Yeah, and I will repeat that. Basic good advice. When you're doing something that's original, you can write it in your own language, hand it over to any of these AI engines and it will clean them up. Well, and that is absolutely correct. I actually have a technique that if I have something that's similar to what I want, I'll upload that first and say Here's an example of what I'm looking for and then put it out. And that's why many times I'll take prior writings that I've done if I'm going to write a new article and put it up there and let it generate something. And like I said, it's stunning how good it is. So that is a good use for the ai. Thank you. And I thought the other one was back to here. Yes sir.
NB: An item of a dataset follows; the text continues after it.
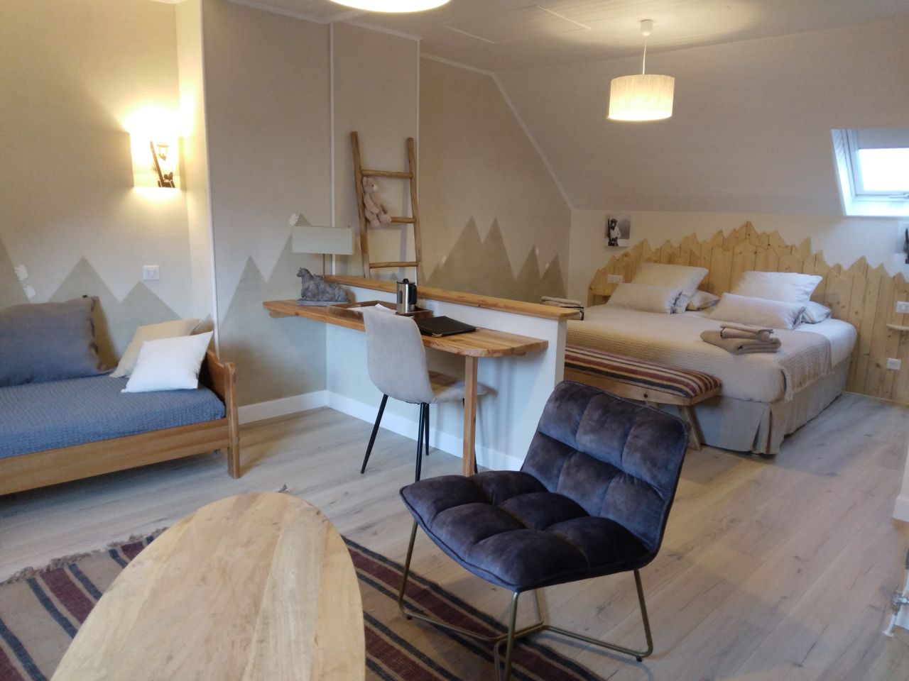 The house which opens on the square of the church St Julien de Sazos knew to keep the charm of the big volumes with the comfort of today. Cocooning decoration, natural materials, cosy atmosphere… everything is there!

Audience Member 5 (52:51):

So quick question. Are you able to figure Gemini and copilot the way you configure ChatGPT?



Randy Johnston (52:58):

Yes is the short answer. Both Gemini and copilot have similar configuration pieces on the back end like you do on ChatGPT. Remember that the inheritance from ChatGPT into Microsoft would lead you to believe that's probably the case. And there are actually pieces in Gemini I think are more configurable. But here's another strategy. If you want to actually get the tone right, you can tell the way I speak. I'm from Kansas so I don't have real good English. So what I do is I actually feed these engines parameters about me, about what I want it to be and how so that's why those models that I copy and paste from, they actually tune up the engine. I actually care less about some of that backend configuration than on a new session that I give it the parameters I'm working from. Does that make sense? So I can actually tell the engine, keep it this long and so forth. Make sense? Alright, well it looks like it is time for me to exit, but I am here all through the evening and you are certainly welcome to approach me on anything. Thank you for your time this morning and this afternoon. See you later.